San Diego is not considered boring people. People need to leave this forum once in a while and get with reality not a buch of city nerds that just talk cities. Any city west of Pittsburgh and east of Oakland (remember, Miami is just east of Pittsburgh
).
People on the coast or in Chicago think any other city out there is just a giant boring group of people that happen to live near each other.
I already knew this, but after living on the east coast and being in the Northeast urban corridor for four years, this has been confirmed. People just don't know and honestly, they are missing out.
This sounds absurd, but people in Baltimore or Boston should have as much interest in visiting Kansas City or Minneapolis as those in Kansas City or Minneapolis have in visiting Baltimore or Boston.
But they don't and they don't. Why? Because they think they are boring places and would be a waste of time.
We often go to places in the big cities out here and think wow, this kinda sucks compared to back home. You can put the DC and Baltimore Zoo together and it would still suck compared to Omaha's or St Louis's zoo.
Just because something is in DC or NYC or Boston or San Francisco does not make it a great place or attraction or museum etc. Just because it cost twice as much to enter or just because there are always thousands of obnoxious foreign tourists that won't put down the cameras long enough to enjoy whatever they are trying to enjoy does not mean that you can't find similar cultural attractions in cities that only draw from a few hundred miles in the midwest, south and mountain west.
Once you have seen the major tourist attractions in NYC, Philly, DC etc like the Liberty Bell, Mall Museums and Rockefeller Center, you really don't have THAT much more more to do in Boston or Philly than you do in St Louis or Minneapolis. Honestly, I think there is less to do because cities in the midwest go out of their way to provide family and other types of regional attractions that you want to revisit while places like Philly or DC tend to not do as well with that. And what they do have tend to be more run down, more crowded and more expensive.
So all of them. Milwaukee, Indianapolis, Nashville, Charlotte, etc. Small metros like Little Rock and Omaha tend to also have more to do than people would ever imagine of a smaller metro. Kansas City because of its name and perceived location gets a terrible rap despite it having more to do than cities twice its size. St Louis and Minneapolis are very large metro areas with tons to do that people on the coast have simply no idea about.
In the end, there are not many "boring" cities. There are a few that are more boring for their size. OKC, Houston and Sacramento come to mind, but they still have plenty to do.
But I think the more middle of the country a city is, the more boring people tend to think the places are. Kansas City, St Louis, Minneapolis, Omaha (Omaha is smaller but offers a lot for its size) even Denver to some degree because people that do visit go straight to the mountains and rarely take in the city itself, not realizing that because those places are more remote, they tend to be even more self sustaining as far as things to do. The second tier of cities that people think are boring, but not as bad as those deep in flyover country are Cincinnati, Charlotte, Birmingham, etc.
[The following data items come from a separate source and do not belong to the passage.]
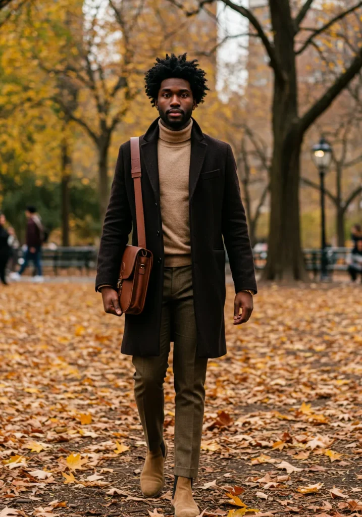 Here we see a deep brown overcoat layered over a beige turtleneck, paired with tailored trousers and suede Chelsea boots. The earthy tones blend beautifully with the autumn leaves, while the structured cut of the coat and the leather satchel bring refined practicality. It’s understated, yet powerful in its simplicity.
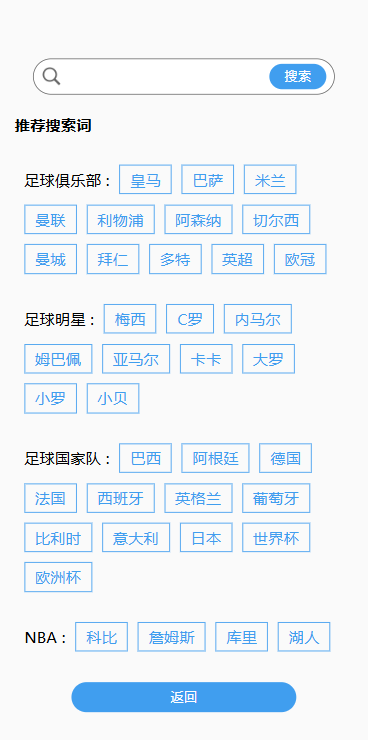 这是搜索页面,最上面的搜索框,用户可以自行输入。下面有提供热门的搜索词,点击后可进行该词的快捷搜索。点击底下的返回按钮返回上一级。
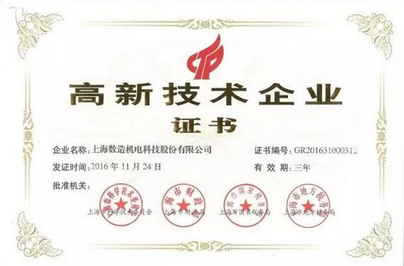 2017年2月7日,上海數(shù)造機(jī)電科技股份有限公司收到了由上海市科學(xué)技術(shù)委員會(huì)、上海市財(cái)政局、上海市國(guó)家稅務(wù)局、上海市地方稅務(wù)局聯(lián)合頒發(fā)的“高新技術(shù)企業(yè)”認(rèn)定證書(shū),正式邁入國(guó)家高新技術(shù)企業(yè)行業(yè)。
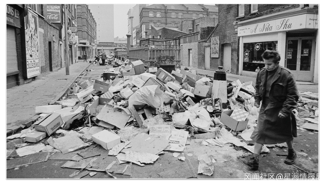1978年,外有石油危機,內有北愛共和軍作亂,英國的各行各業幾乎都陷在無休止動盪和鬥爭之中——罷工、停電、商店貨架空空如也,加油站前排起長龍,滿街垃圾無人清掃——這些要素充斥了英國老百姓的生活。維多利亞時代的“日不落帝國”,打贏了二戰的英聯邦,在1978年那個“不滿的冬天”裏已經站在了崩潰邊緣。
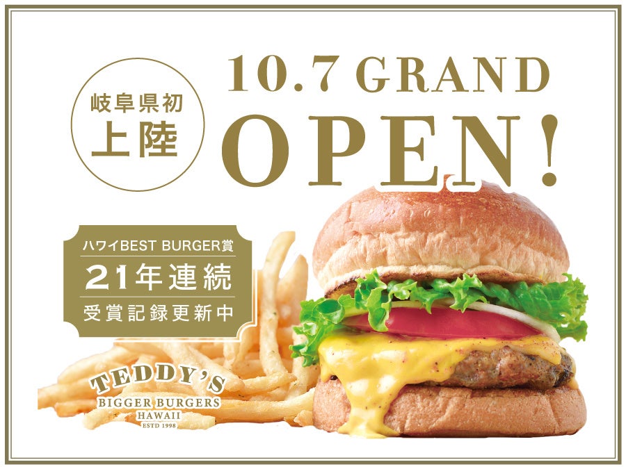 21年連続ハワイベストバーガー賞受賞中の「テディーズビガーバーガー(TEDDY'S bigger burgers)」が、2022年、岐阜県イオンモール土岐に、新店舗をオープン。
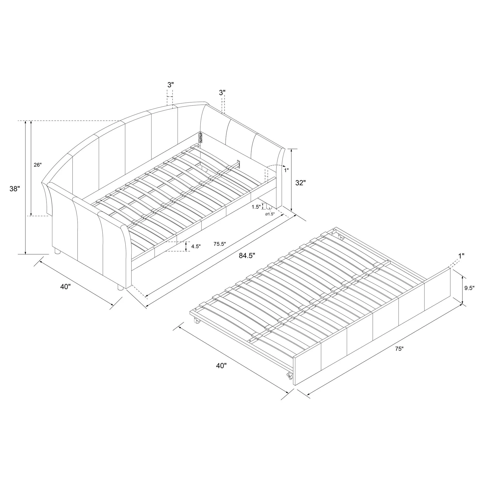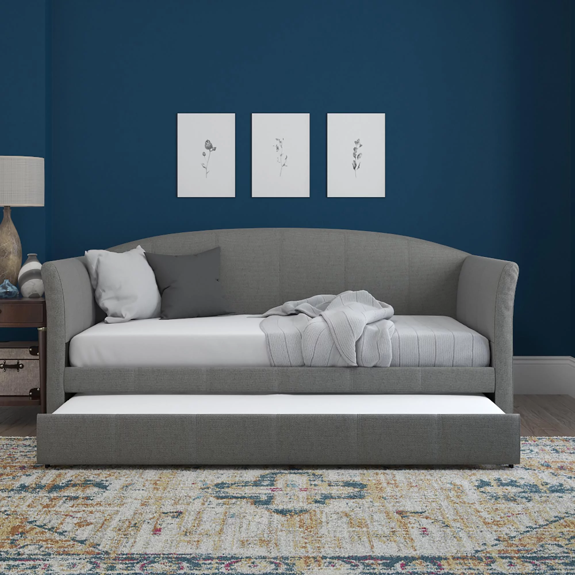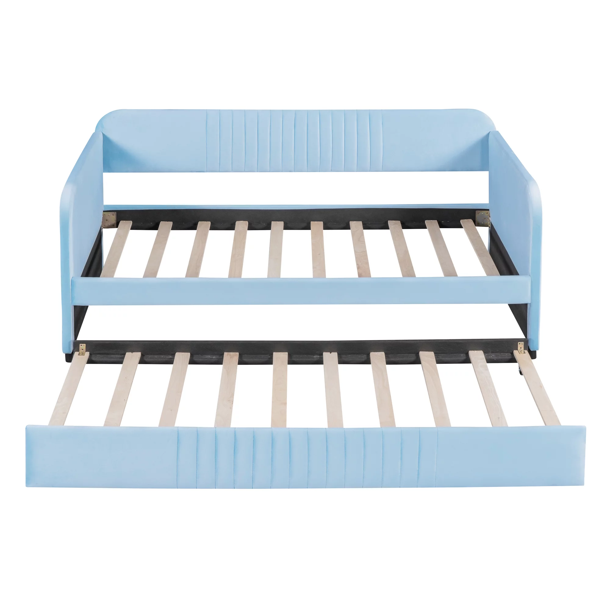 Nestfair Light Blue Twin Size Upholstered Daybed Sofa Bed With Trundle Bed
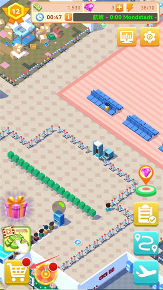 游戏中玩家需要建设超市、洗手间、贵宾休息室、餐厅、吸烟室等等,来满足乘客的各种需求。并且要平衡建设投入与收益,合理安排航班时刻表,避免航班延误与冲突。该游戏需要玩家挑战自我,努力让机场实现盈利,最终成就全球最大机场。
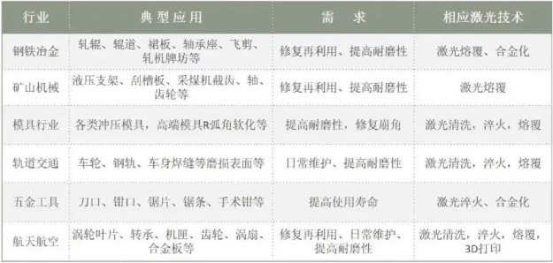 當(dāng)前,激光表面處理及增材制造技術(shù)、工藝和裝備被廣泛應(yīng)用于冶金、礦山機械、模具、石油電力、五金工具、軌交、航空航天、機械等行業(yè)。
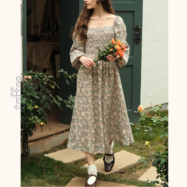 小花柄パフスリーブミモレ丈ワンピース 《Z00745》
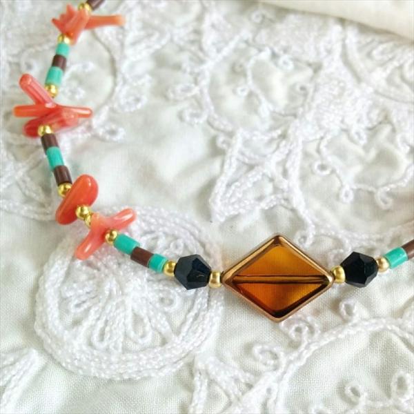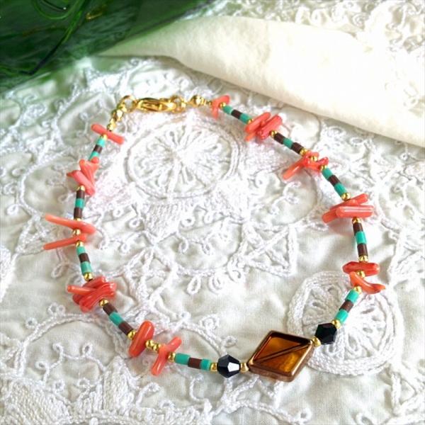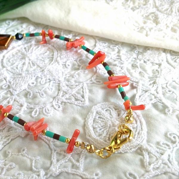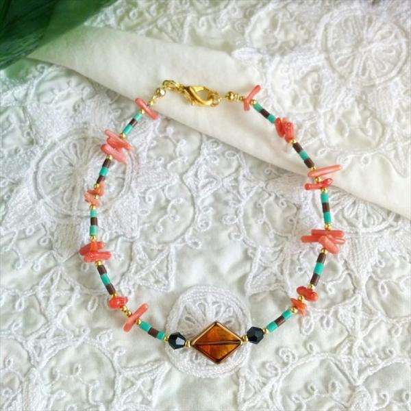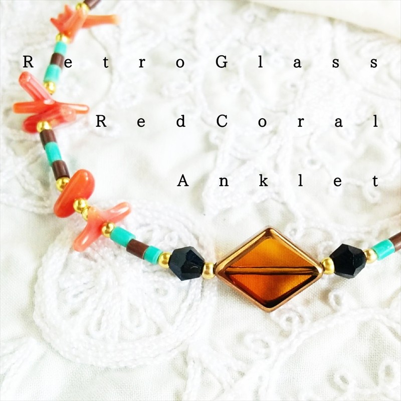 レッドコーラル glass アンクレット realcolorオリジナル ハンドメイド クラフト 天然石 リゾート 海 フェス エスニック レディースアクセサリー
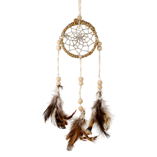 Leuke Dromenvanger Hennep naturel klein gemaakt van hennep, hout en veren. Dromenvangers vinden hun oorsprong bij de inheemse Amerikanen die geloven dat elke ruimte gevuld is met goede en slechte dromen. Wanneer een dromenvanger vrij slingerend boven het bed wordt opgevangen zal deze de dromen vangen. De goede dromen kunnen dan door de buitenste gaten van de dromenvanger langs de veren wegglijden. De slechte dromen weten de weg niet, deze raken verstrikt in de dromenvanger en verdwijnen met het eerste licht van de nieuwe dag.
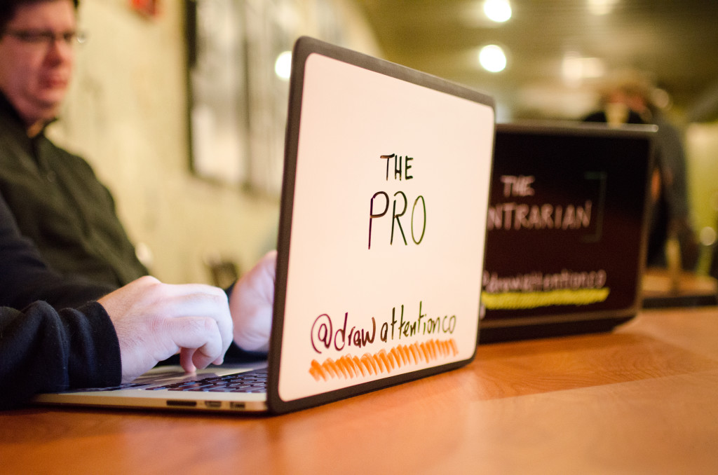 Kyle had a small business during college cutting vinyl stickers for bands, paintball groups, skateboards, and the like, but put his equipment in storage when he became a web developer. In November 2014 he had the idea to bring his gear back out and cut a giant sticker—one that would cover his laptop lid and create an instant whiteboard. Since he often works out of co-working spaces and coffee shops, it became the perfect way to engage the community and hold truly open office hours without being that creepy guy who’s wondering what you’re working on.
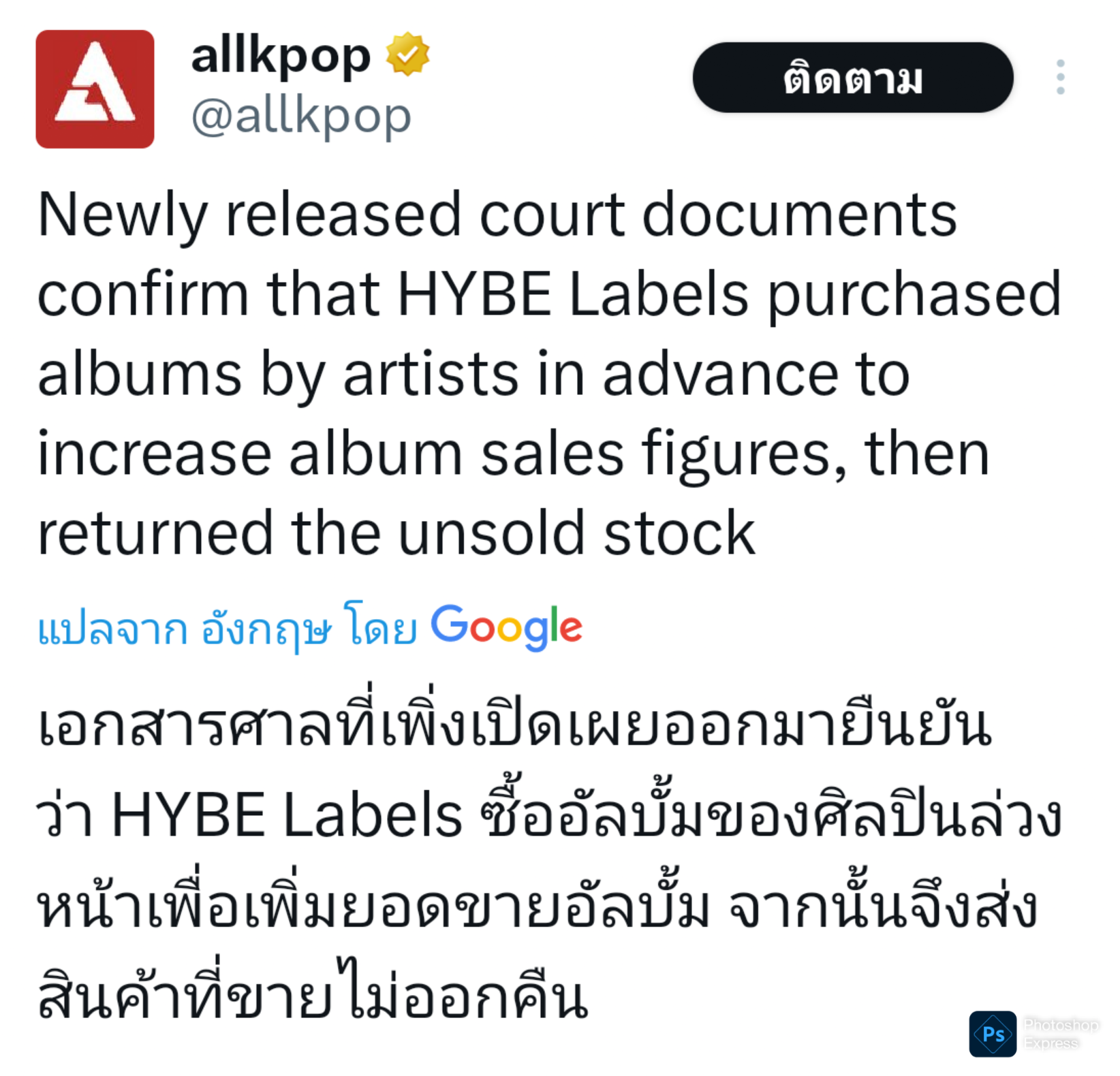 สื่ออย่าง allkpop รายงานว่าล่าสุดเอกสารศาลเผยว่า HYBE ซื้ออัลบั้มศิลปินตัวเองล่วงหน้าเพื่อเพิ่มยอดขายพอขายไม่ออกก็ส่งคืน

Then you have cities that are overrated like Austin and Portland which are great cites, but in reality don't have as much to do as some of the "boring" places that nobody wants to visit.
Disclaimer. I have been to every single major and midsized metro(400k and up) in the USA at least a few times, most of them many more. They are all fun to visit and none are really "boring". Everybody should make an effort to visit as many cities as they can despite what they may think they do or don't offer. Most of the time such preconceived images are way off base.